**Exercise directions:**
The reply should contain the full listing exactly as written and no pictures at all.

**Data shown:**

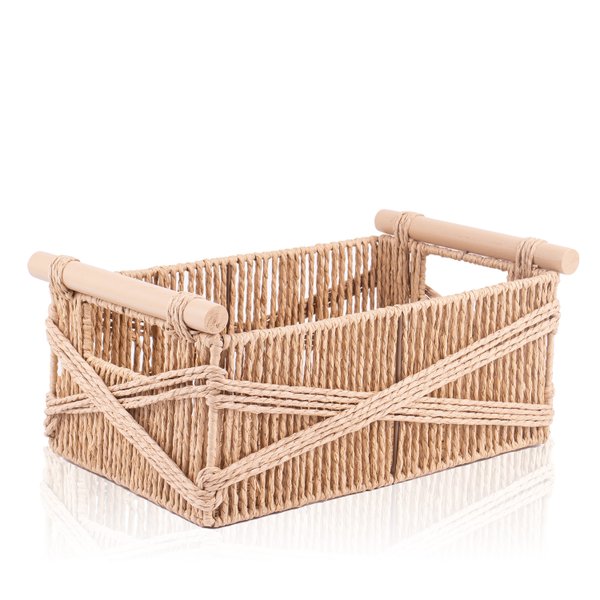 Inclua o Cesto Retangular Palha Bege com Detalhe Madeira na sua casa e una praticidade, organização e estilo em todos os ambientes.
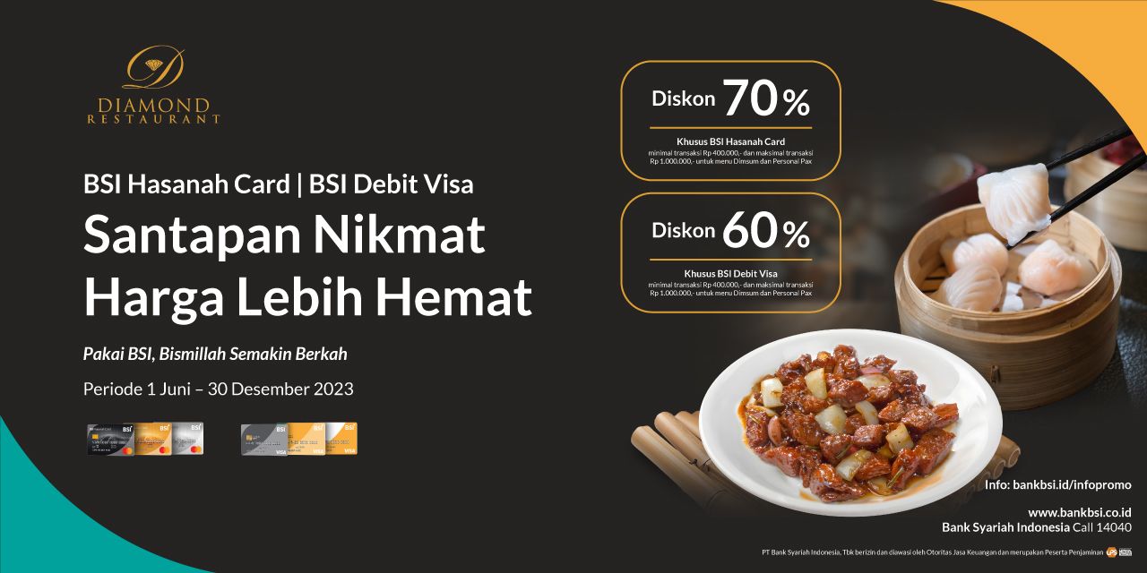 • BSI Hasanah Card : Diskon 70% minimal transaksi Rp 400.000,- dan maksimal transaksi Rp 1.000.000,- untuk menu Dimsum dan Personal Pax. • BSI Debit Card : Diskon 60% minimal transaksi Rp 400.000,- dan maksimal transaksi Rp 1.000.000,- untuk menu Dimsum dan Personal Pax |
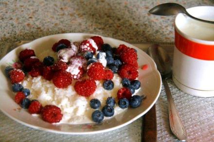 Wśród potraw barowych były liczne dania z ryżem. Jedno z nich niedawno przyrządziłam dla mojej Mamy i smakowało jej nadzwyczajnie. Może dlatego, że proste, że przenoszące w czas dzieciństwa, że ma jakiś urok czasów minionych? To po prostu ryż z owocami, dobrą śmietaną i cukrem (najlepiej pudrem; polecam młynek z takim cukrem!). Potrawa znakomita i dla dzieci, i dla ludzi starszych. Może być, do maślanki, jogurtu, kefiru lub kwaśnego mleka, daniem obiadowym. Idealnym na upały! Może być leguminą podaną na deser. Mało kto nią wzgardzi.
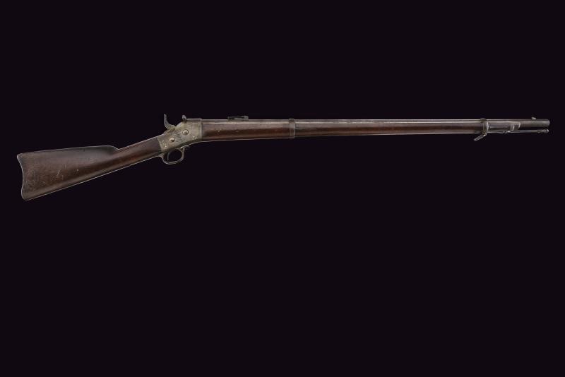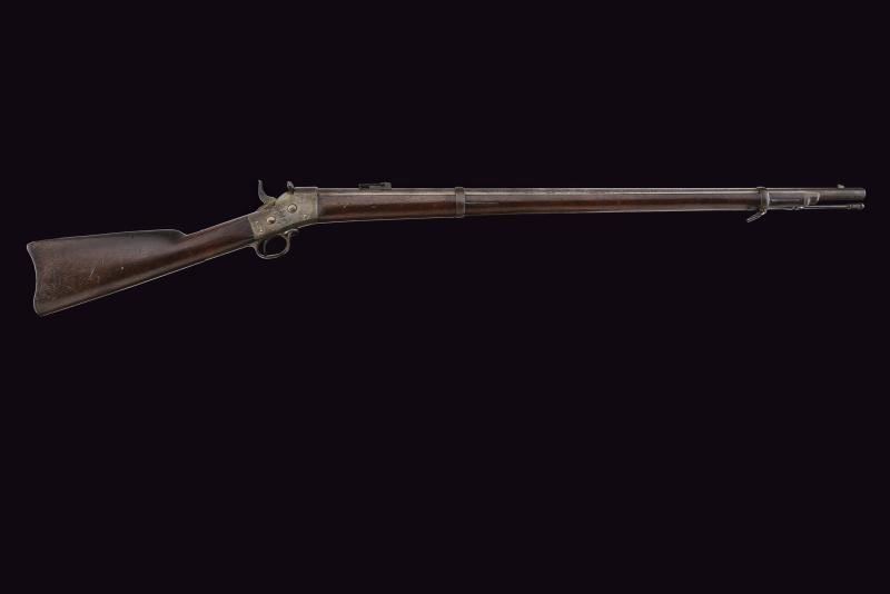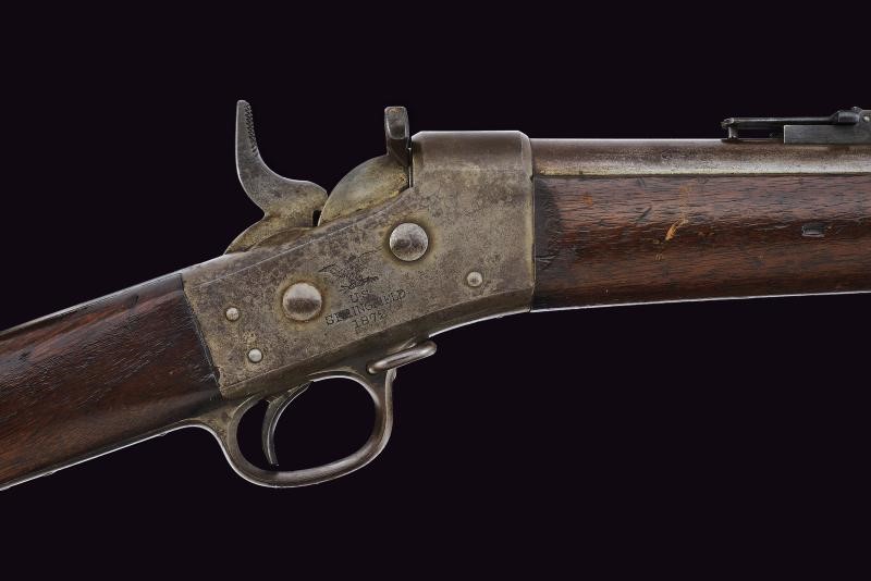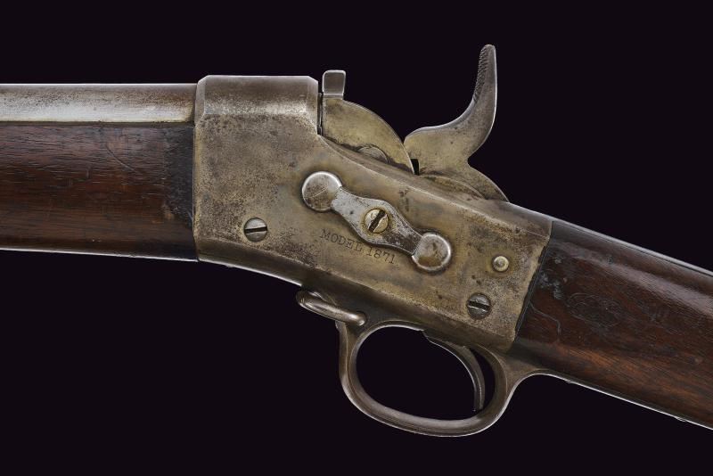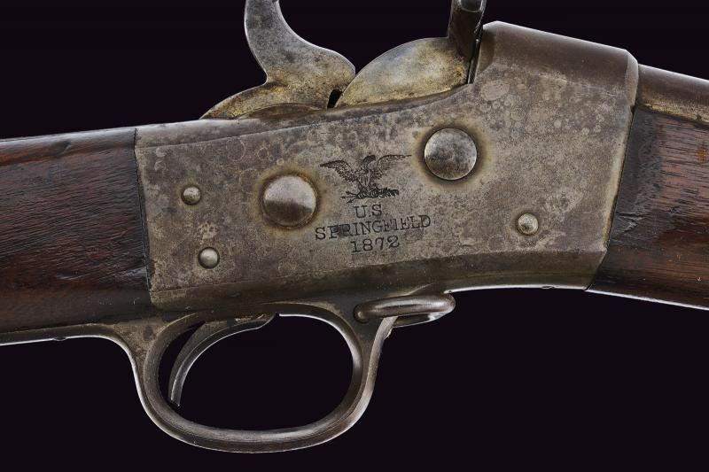 Canna rigata (anima pulita e rigatura ben visibile), di sezione tonda, munita di mirino e alzo abbattibile; cal. 11 mm. Otturatore tipico a blocco rotante con meccanica funzionante, castello marcato "MODEL 1871" e "U.S SPRINGFIELD 1872" con aquila. Codolo superiore con brevetti. Calcio ed astina in legno; il primo con timbro di ispezione militare e marcatura "25". Fornimenti in ferro, la coda superiore del calciolo marcata "US".

**Result for this exercise:**
 Inclua o Cesto Retangular Palha Bege com Detalhe Madeira na sua casa e una praticidade, organização e estilo em todos os ambientes.
 • BSI Hasanah Card : Diskon 70% minimal transaksi Rp 400.000,- dan maksimal transaksi Rp 1.000.000,- untuk menu Dimsum dan Personal Pax. • BSI Debit Card : Diskon 60% minimal transaksi Rp 400.000,- dan maksimal transaksi Rp 1.000.000,- untuk menu Dimsum dan Personal Pax |
 Wśród potraw barowych były liczne dania z ryżem. Jedno z nich niedawno przyrządziłam dla mojej Mamy i smakowało jej nadzwyczajnie. Może dlatego, że proste, że przenoszące w czas dzieciństwa, że ma jakiś urok czasów minionych? To po prostu ryż z owocami, dobrą śmietaną i cukrem (najlepiej pudrem; polecam młynek z takim cukrem!). Potrawa znakomita i dla dzieci, i dla ludzi starszych. Może być, do maślanki, jogurtu, kefiru lub kwaśnego mleka, daniem obiadowym. Idealnym na upały! Może być leguminą podaną na deser. Mało kto nią wzgardzi.
 Canna rigata (anima pulita e rigatura ben visibile), di sezione tonda, munita di mirino e alzo abbattibile; cal. 11 mm. Otturatore tipico a blocco rotante con meccanica funzionante, castello marcato "MODEL 1871" e "U.S SPRINGFIELD 1872" con aquila. Codolo superiore con brevetti. Calcio ed astina in legno; il primo con timbro di ispezione militare e marcatura "25". Fornimenti in ferro, la coda superiore del calciolo marcata "US".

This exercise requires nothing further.